Dictionaries and Working with Pandas DataFrames

Python provides powerful data structures like dictionaries and Pandas DataFrames, which are essential for handling and analyzing data efficiently.


1. Introduction to Dictionaries in Python

A dictionary is an unordered collection of key-value pairs, where each key is unique and used to access the corresponding value.

Example of a Dictionary

# Creating a dictionary
student = {
    "name": "Alice",
    "age": 22,
    "course": "Data Science"
}

# Accessing values
print(student["name"])  # Alice
print(student.get("age"))  # 22

2. Dictionary Operations and Methods

Dictionaries have built-in methods for modification and retrieval.

Common Dictionary Methods

# Adding a new key-value pair
student["grade"] = "A"

# Updating an existing value
student["age"] = 23

# Removing a key-value pair
student.pop("course")

# Looping through a dictionary
for key, value in student.items():
    print(key, ":", value)

Checking for Key Existence

if "name" in student:
    print("Key exists!")

Practice Problems

  1. Create a dictionary storing the details of a laptop (brand, model, RAM, price). Print the model and price.
  2. Write a function that counts the occurrence of each word in a sentence using a dictionary.

3. Introduction to Pandas and DataFrames

Pandas is a Python library used for data manipulation and analysis.

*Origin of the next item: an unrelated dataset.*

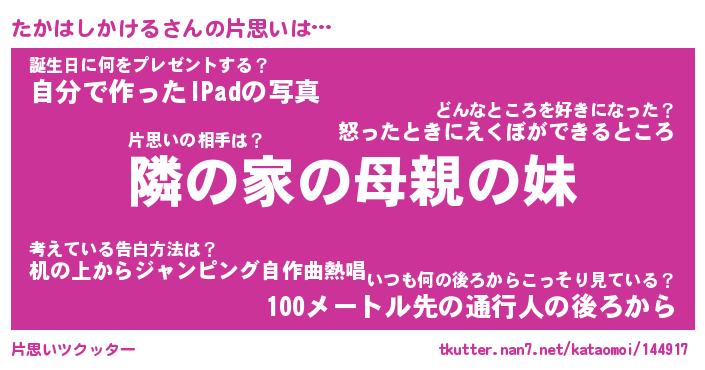 | 胡散臭い通販商品みたいなあだ名 | 『必ず成功するブレスレット…その名も「たかはしかける」』 |

A DataFrame is a table-like data structure similar to an Excel spreadsheet.

Master This Topic with PrepAI

Transform your learning with AI-powered tools designed to help you excel.

Installing Pandas

pip install pandas

Importing Pandas

import pandas as pd

Creating a DataFrame

# Creating a simple DataFrame
data = {
    "Name": ["Alice", "Bob", "Charlie"],
    "Age": [25, 30, 35],
    "Salary": [50000, 60000, 70000]
}

df = pd.DataFrame(data)
print(df)

4. Loading and Exploring Data with Pandas

Pandas allows loading data from various sources like CSV, Excel, and SQL databases.

Loading Data

df = pd.read_csv("data.csv")  # Load data from a CSV file

Exploring the Data

print(df.head())  # Display first 5 rows
print(df.info())  # Get information about the dataset
print(df.describe())  # Summary statistics

Practice Problems

  1. Load a CSV file into a DataFrame and display the first 10 rows.
  2. Print the column names and check for missing values in the dataset.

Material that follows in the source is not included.